Let length = x, so breadth = (40−x) (since length+breadth=40). Area: x(40−x) = 400 ⇒ x² − 40x + 400 = 0. D = 1600 − 1600 = 0, equal roots, x = 20.
Yes, it is possible — but only as a square park with length = breadth = 20 m.
Why This Chapter Matters
Quadratic Equations is a cornerstone algebra chapter in the CBSE Class 10 board exam — it typically contributes 6–8 marks through a mix of direct factorisation questions, discriminant/nature-of-roots reasoning, and word problems (ages, speed, area, cost), and the discriminant concept and quadratic formula introduced here are used repeatedly in Class 11 and 12 algebra, coordinate geometry, and calculus.
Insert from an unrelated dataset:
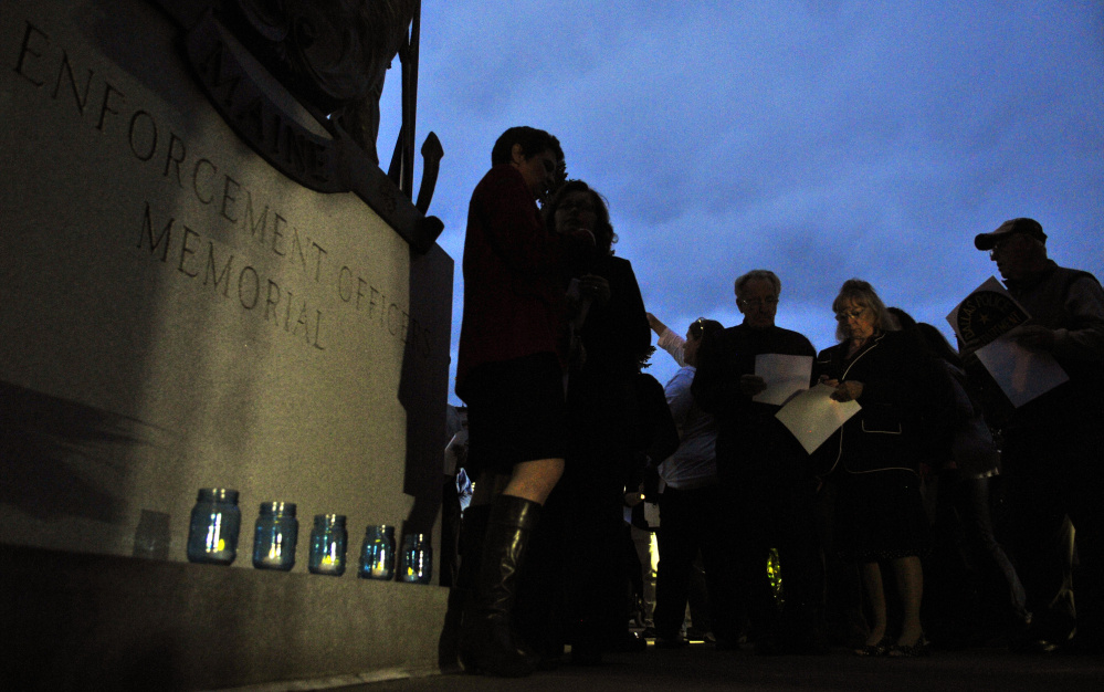 State Reps. Catherine Nadeau, D-Winslow, and Lori Fowle, D-Vassalboro, said they heard about the vigil from Maine Attorney General Janet Mills, and they came to Augusta in support of law enforcement. Both representatives serve on the Legislature’s Criminal Justice Committee, and said they work with law enforcement officials across the state and know their concerns.

How to Use These Solutions
Work through each question on paper before checking the answer here — pay special attention to rejecting negative/invalid roots in word problems (ages, lengths, speeds must be positive), since that step is where marks are most often lost. You can download the full chapter directly from our Class 10 Maths NCERT book page, or browse every Class 10 subject on our Class 10 hub.
Want harder practice or a fast recap? See our Extra Questions (HOTS) post and Revision Notes summary for this chapter, or the Class 10 Maths Formulas Handbook.
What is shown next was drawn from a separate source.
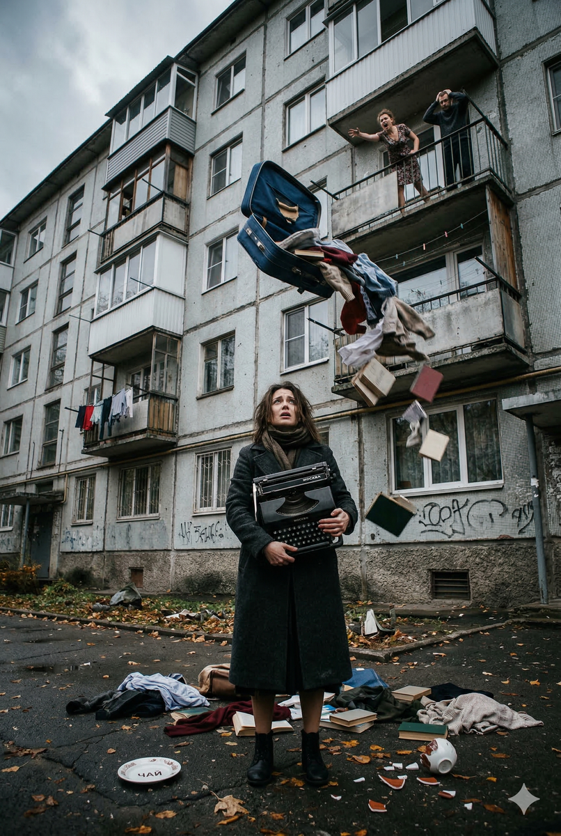 Ты ставишь печатную машинку на асфальт. Медленно расправляешь плечи. Твоя спина прямая, хотя внутри всё выжжено и пусто. Ты смотришь вверх, на балкон, где Света уже замахнулась твоей коробкой с письмами.

Frequently Asked Questions
Are these solutions based on the current 2026-27 NCERT syllabus?
Yes — this covers all three rationalised exercises (4.1, 4.2 and 4.3) as currently prescribed by NCERT for the 2026-27 academic session.
How many marks does this chapter carry in the CBSE Class 10 board exam?
Quadratic Equations is one of the higher-weightage algebra chapters, typically worth 6–8 marks across objective, short-answer and long-answer (word problem) questions.